Figueroa R, Martinez E, Fayngersh R P, Jiang H, Omar H A, Tejani N, Wolin M S
Department of Physiology, New York Medical College, Valhalla 10595, USA.
Am J Obstet Gynecol. 1995 Dec;173(6):1800-6. doi: 10.1016/0002-9378(95)90430-1.
Our objective was to determine whether the observed relaxation to lactate and other agents in placental vessels of normal pregnancies is altered in severe preeclampsia.
Isolated placental arteries and veins from women with severe preeclampsia and uncomplicated term pregnancies were precontracted with prostaglandin F2 alpha under 5% oxygen and 5% carbon dioxide with the balance nitrogen (Po2 35 to 38 torr) and then exposed to lactate (1 to 10 mmol/L, pH 7.4, n = 8 to 15), arachidonic acid (0.01 to 10 mumol/L, n = 6 to 13), nitroglycerin (1 nmol to 1 mumol/L, n = 4 to 12), or forskolin (0.01 to 10 mumol/L, n = 6 to 9). The response to lactate was also examined in placental vessels from appropriate-for-gestational-age preterm deliveries (n = 8) for comparison with a similar group with severe preeclampsia (n = 8). The t test and analysis of variance statistics were used.
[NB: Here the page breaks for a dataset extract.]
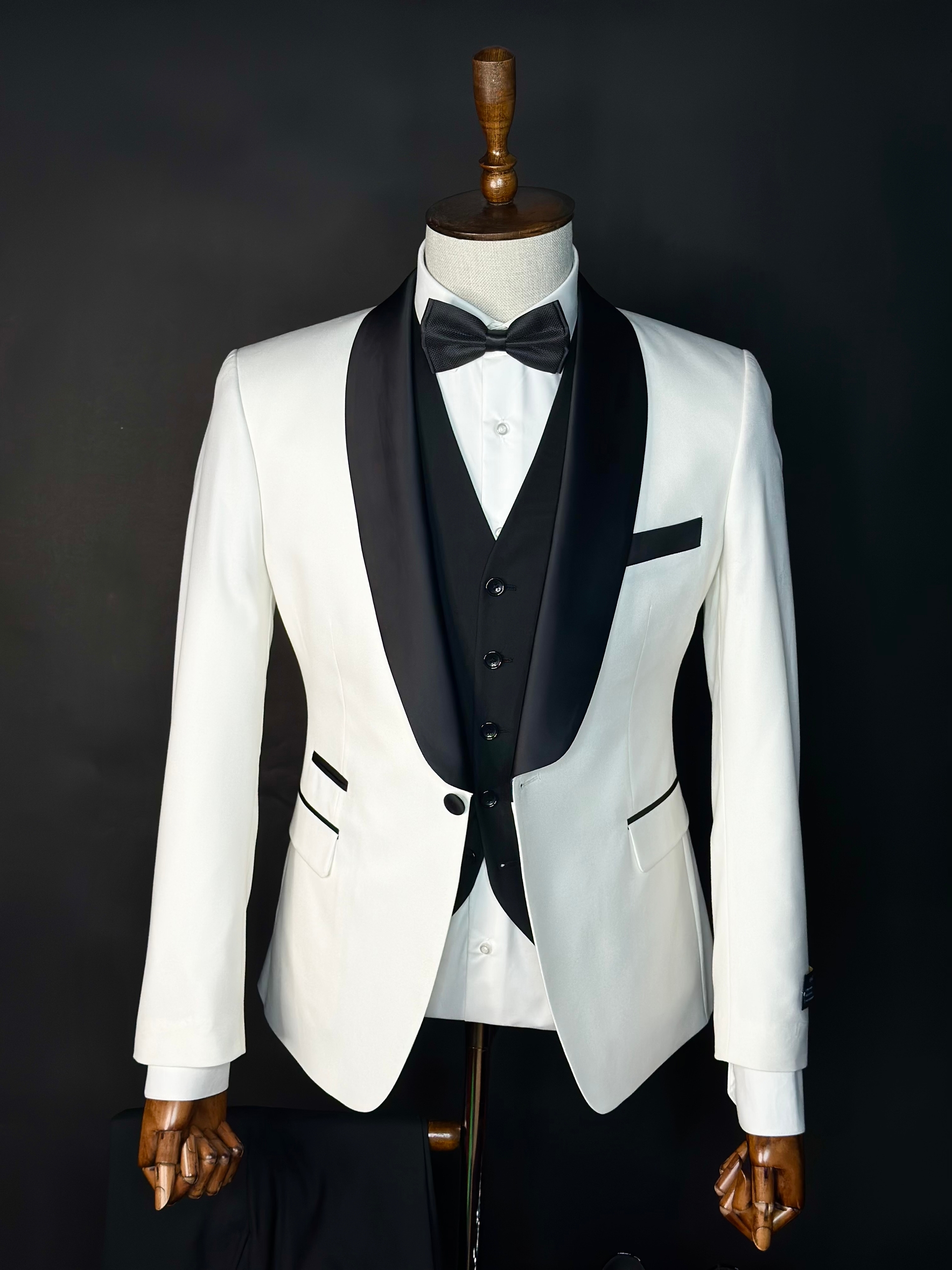 Классический мужской смокинг тройка белого цвета с чёрными жилетом и брюками

Relaxation to lactate was markedly inhibited in both placental arteries and veins of women with severe preeclampsia compared with vessels from uncomplicated term or preterm pregnancies. Responses to the other relaxing agents were not altered in the severely preeclamptic vessels.
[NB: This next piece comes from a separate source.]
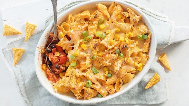 Heerlijk Mexicaans mengsel van kip en groenten in een kruidige tomatensaus onder een laagje Bugles chips en gegratineerde kaas.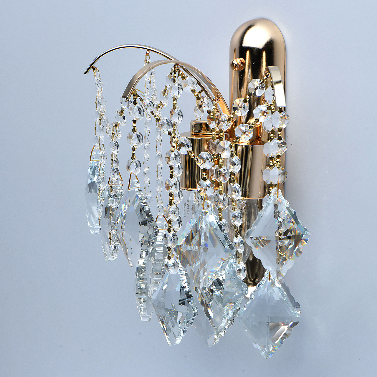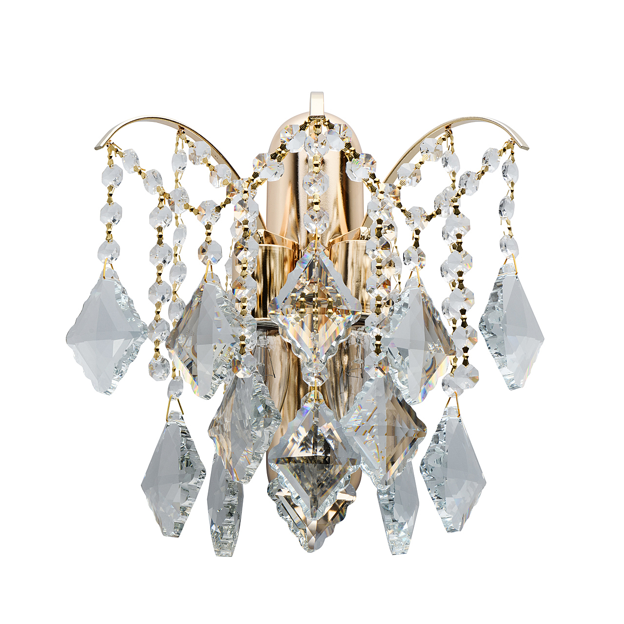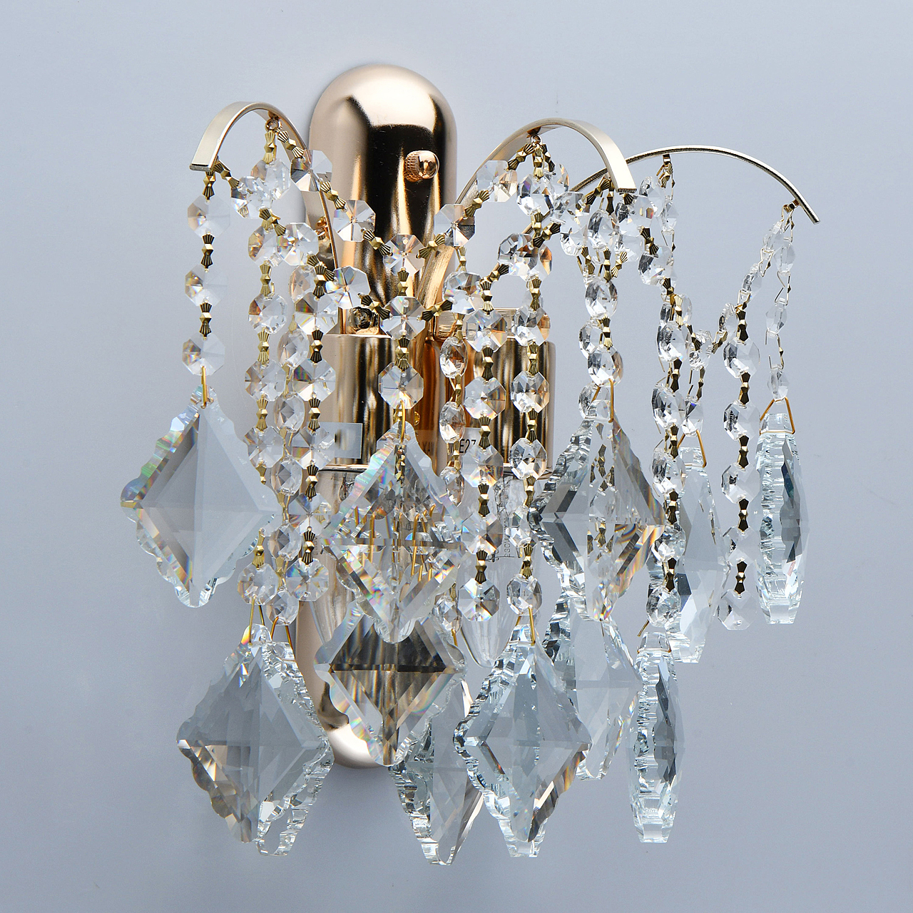 Хрустальный массивный декор в форме ромба, Подвески из прозрачного хрусталя и цепочки из октагонов создают красивую игру света.Классический золотой цвет основания всегда в тренде.Полная семья, состоящая из бра, светильника на 4 и 6 ламп

In severe preeclampsia absence of lactate-induced dilatation of placental vessels may contribute to the fetal complications associated with impaired blood flow and vasospasm.
我们的目的是确定在重度子痫前期中,正常妊娠胎盘血管中观察到的对乳酸和其他药物的舒张反应是否发生改变。
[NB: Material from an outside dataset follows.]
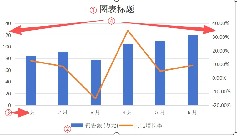 默认生成的图表有①图表标题,②图例,③水平坐标轴,④垂直坐标轴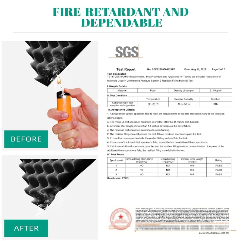 - [Safety and environmental protection]: The sound insulation board is made of 100% polyurethane foam, which is non-toxic, formaldehyde free, and health risk free. It has significant advantages in reducing sound and absorbing noise. Once the upgraded flame retardant foam sound-absorbing panel catches fire, it will automatically extinguish within 1 minute.

将重度子痫前期妇女和足月正常妊娠妇女的胎盘动脉和静脉在5%氧气、5%二氧化碳及其余为氮气(氧分压35至38托)的条件下用前列腺素F2α预收缩,然后暴露于乳酸(1至10毫摩尔/升,pH 7.4,n = 8至15)、花生四烯酸(0.01至10微摩尔/升,n = 6至13)、硝酸甘油(1纳摩尔至1微摩尔/升,n = 4至12)或福斯可林(0.01至10微摩尔/升,n = 6至9)。还对适于胎龄的早产胎盘血管(n = 8)对乳酸的反应进行了检测,以便与重度子痫前期的类似组(n = 8)进行比较。采用t检验和方差分析统计方法。
与足月正常妊娠或早产妊娠的血管相比,重度子痫前期妇女的胎盘动脉和静脉对乳酸的舒张反应均明显受到抑制。重度子痫前期血管对其他舒张药物的反应未发生改变。
在重度子痫前期,胎盘血管缺乏乳酸诱导的扩张可能导致与血流受损和血管痉挛相关的胎儿并发症。